Rivoluzione di Google nel giornalismo online

Google ha avviato la produzione di notizie tramite intelligenza artificiale stringendo accordi con alcuni siti di informazione online. Si prevede che questo accordo aprirà una nuova era nel giornalismo digitale.

12punto

Google ha firmato un accordo con determinati siti web che si occupano di informazione online. Nell'ambito di questa intesa, la tecnologia di intelligenza artificiale produrrà notizie per i siti web, che a loro volta le condivideranno con i propri lettori.

Il giornalismo online è uno dei settori influenzati dalla tecnologia dell'intelligenza artificiale generativa.
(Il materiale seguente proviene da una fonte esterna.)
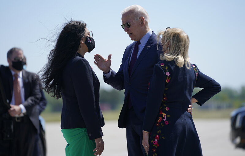 Speaking at the Ford plant after the brief confab with Tlaib, Biden praised the Detroit congresswoman for her attention to human rights.

L'intelligenza artificiale è in grado di svolgere rapidamente e in autonomia un lavoro che richiederebbe l'impegno di molte persone. Tuttavia, può risultare difficile giungere a una conclusione certa sulla veridicità delle notizie prodotte. Si teme infatti che le tecnologie di intelligenza artificiale generativa possano produrre risultati errati, causando una rapida diffusione di disinformazione nel giornalismo online.

Il colosso tecnologico statunitense Google si prepara a compiere un nuovo passo nel giornalismo digitale. L'azienda ha siglato un accordo speciale con alcune fonti di informazione. In base a tale intesa, verranno pubblicate a intervalli regolari notizie preparate dall'intelligenza artificiale. Secondo le informazioni disponibili, Google ha stanziato un budget significativo per questo progetto.

PAGHERÀ 10 MILA DOLLARI

L'accordo stipulato da Google con i siti web si basa su una logica piuttosto semplice. I siti utilizzeranno la tecnologia di intelligenza artificiale creata appositamente da Google per produrre notizie e pubblicarle regolarmente. Nell'ambito dell'accordo, i siti web produrranno 3 notizie al giorno, 1 comunicato stampa a settimana e 1 contenuto per campagne di marketing al mese. Anche i feedback degli utenti saranno condivisi con Google. In cambio di questo servizio, Google pagherà ai siti web 10 mila dollari.

L'accordo di Google con i siti web non riguarda qualsiasi tipo di notizia. I contenuti prodotti dall'intelligenza artificiale riguarderanno esclusivamente fonti di informazione pubblica, istituzioni autorizzate e autorità sanitarie. In questo modo, non verranno create copie secondarie delle notizie già pubblicate da altri editori.